The Notitia de servitio monasteriorum ("Notice of the Service of Monasteries")[1] is a list of monasteries in the Frankish Empire and the services they owed the crown. It was compiled under Emperor Louis the Pious in 819, probably as a summation of the royal reform of the monasteries carried out following the councils of 816 and 817.[2][3] It is not a complete list of the reformed monasteries: only 82 of the 104 monasteries known to have adopted the reforms are listed in the Notitia.[4]
There three basic services monasteries could owe to the sovereign. Militia was military service. Dona was an annual gift, tax or service "donated" to the king. Orationes was the obligation to pray for the royal family and the state of the realm.

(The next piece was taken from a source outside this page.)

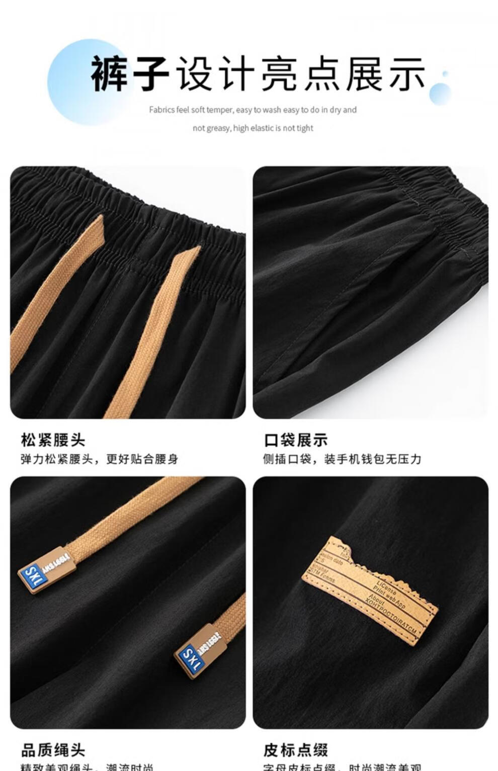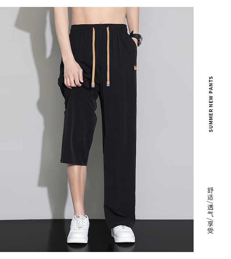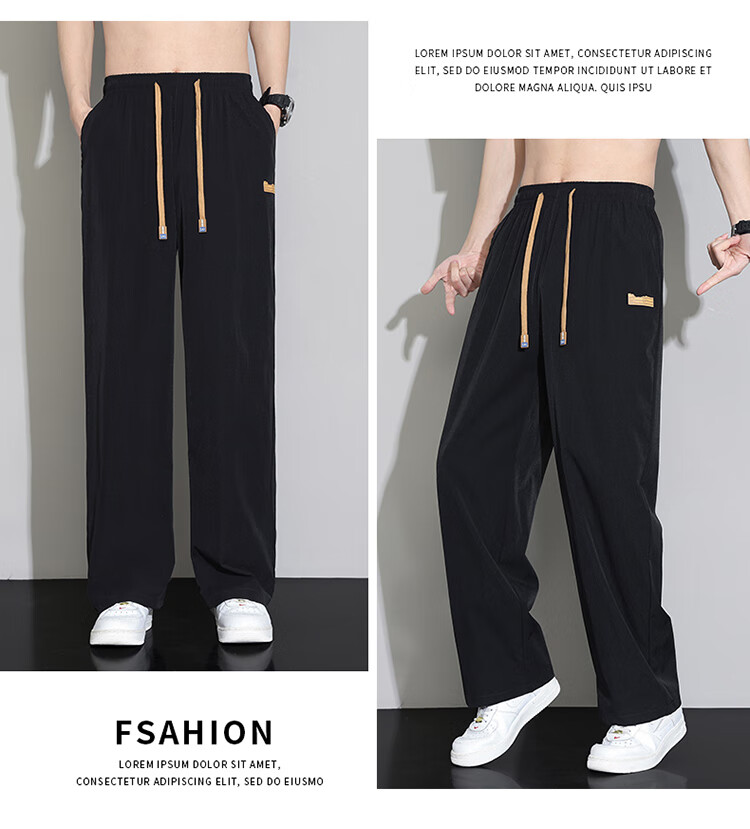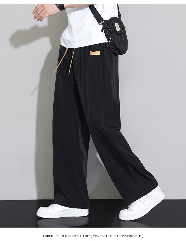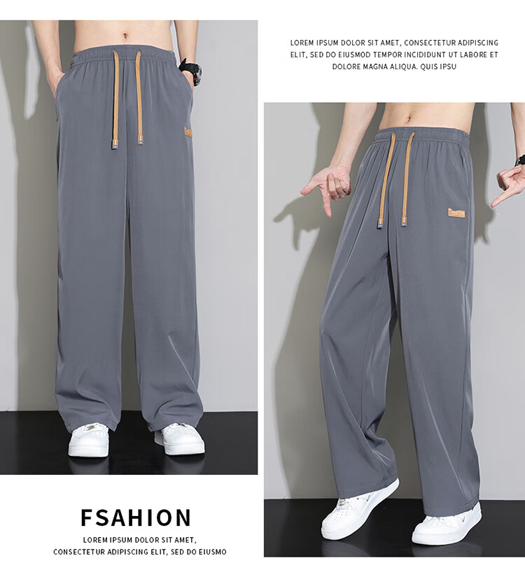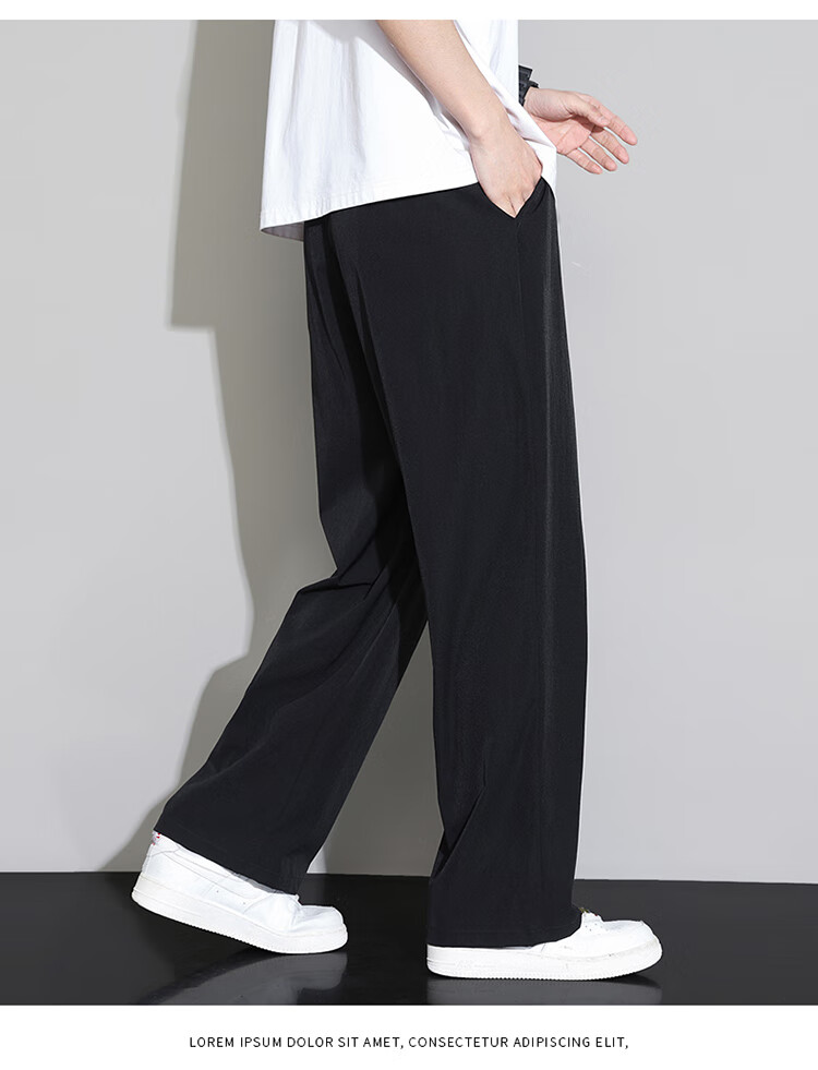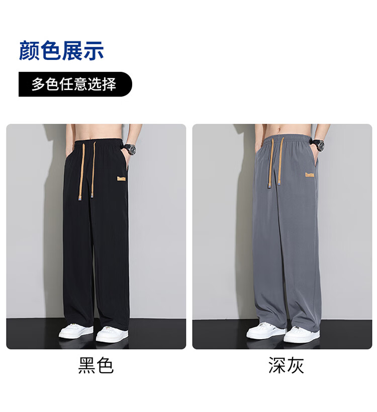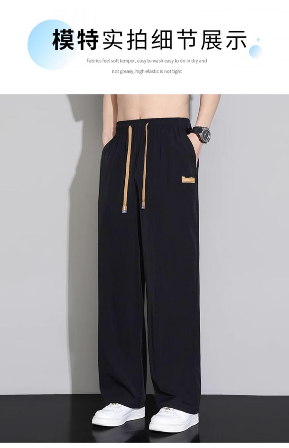YISHion ice silk pants men's casual trousers 2025 new summer thin quick-drying loose straight wide-leg sports pants 29056 dark gray legged summer thin section 4XL
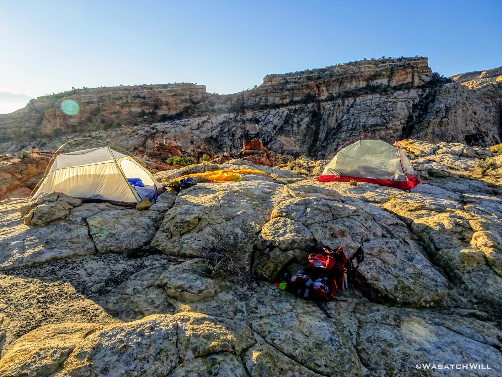 About a half mile further down the wash, we had yet another ridge to crest over into the next canyon. Realizing that finishing out the final mile we had planned for, which included yet another bit of a climb to bypass a narrow slot section featuring another series of pour-offs, would probably result in some hiking in the dark and most certainly setting up camp in the dark, we opted to call it good right there at the top of the ridge we were on and make up the additional mile the next day. Thankfully, between the two of us, we had an adequate water supply to make a dry camp doable.

Collectively, these were known by the technical term servitium regis ("king's service"), hence the servitio of the Notitia's title.[5] The service of prayer, although specified in the Notitia, appears to have been considered a general obligation of all ecclesiastical institutions in the empire.[6] The burden of these services seem to have been more severe in west Francia than in east Francia. Only four monasteries east of the Rhine owed all three services: Lorsch, Schuttern, Mondsee and Tegernsee.[7]
The monastic reforms undertaken in the years preceding the Notitia's compilation were led by the monk Benedict of Aniane. One of his chief concerns was to secure an income for the exclusive use of the monks. This was because at the time monasteries frequently granted revenue-generating lands as benefices to laymen in return for the laymen's service, a process known as enfeoffment.[8] Since monasteries could be governed by a secular abbot, that is, by an abbot who was not under the rule (regula) of the monastery, property and thus revenue could be alienated without regard for the needs of the monks. To prevent this, Benedict frequently designated some land as belonging exclusively to the prebend (endowment) of the monks. According to the Vita sancti Benedicti Anianensis, a biography of Benedict written by his disciple Ardo, the emperor Louis determined which monasteries in the realm were required to have a regular abbot, in order to prevent the abuse of monks by laymen. Although this list was probably a companion of the Notitia, it has not come down to us.[8]